● DIRECTIONS FOR THIS TASK: Return the full listing character for character, without its pictures.

● SOURCE DATA:
◇ ◇ ◇ ◇ ◇ ◇ ◇

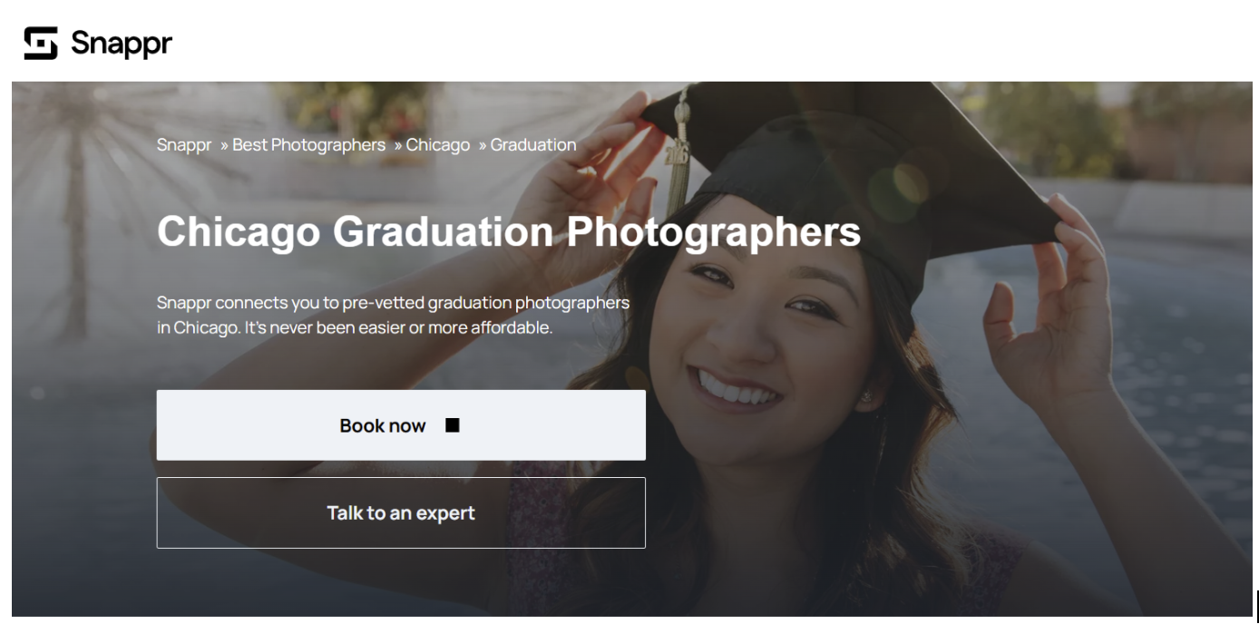 Snappr is an on-demand photography marketplace that matches you with pre-vetted graduation photographers in Chicago. You can view sample photos and photographer profiles before picking a photographer, and if your ceremony is coming up fast, they can send a specialist to your location in just 2 hours or less.
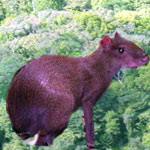 The paca has a similar shape to the agouti but is a bit larger and usually only comes out at night. What distinguishes them most is that the Paca has creamy white spots on its brown body and a white belly.
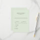 Simple Sage Wedding RSVP Response Card. Dinner Options.
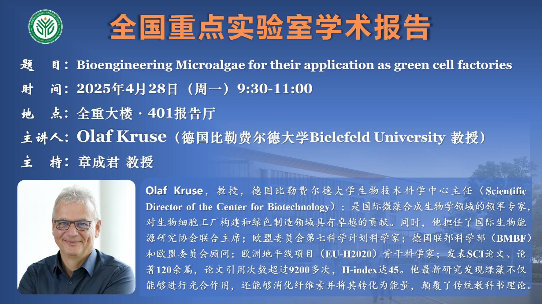 講座預(yù)告:Bioengineering Microalgae for their application as green cell factories

◇ ◇ ◇ ◇ ◇ ◇ ◇

● WRITTEN RESPONSE:
 Snappr is an on-demand photography marketplace that matches you with pre-vetted graduation photographers in Chicago. You can view sample photos and photographer profiles before picking a photographer, and if your ceremony is coming up fast, they can send a specialist to your location in just 2 hours or less.
 The paca has a similar shape to the agouti but is a bit larger and usually only comes out at night. What distinguishes them most is that the Paca has creamy white spots on its brown body and a white belly.
 Simple Sage Wedding RSVP Response Card. Dinner Options.
 講座預(yù)告:Bioengineering Microalgae for their application as green cell factories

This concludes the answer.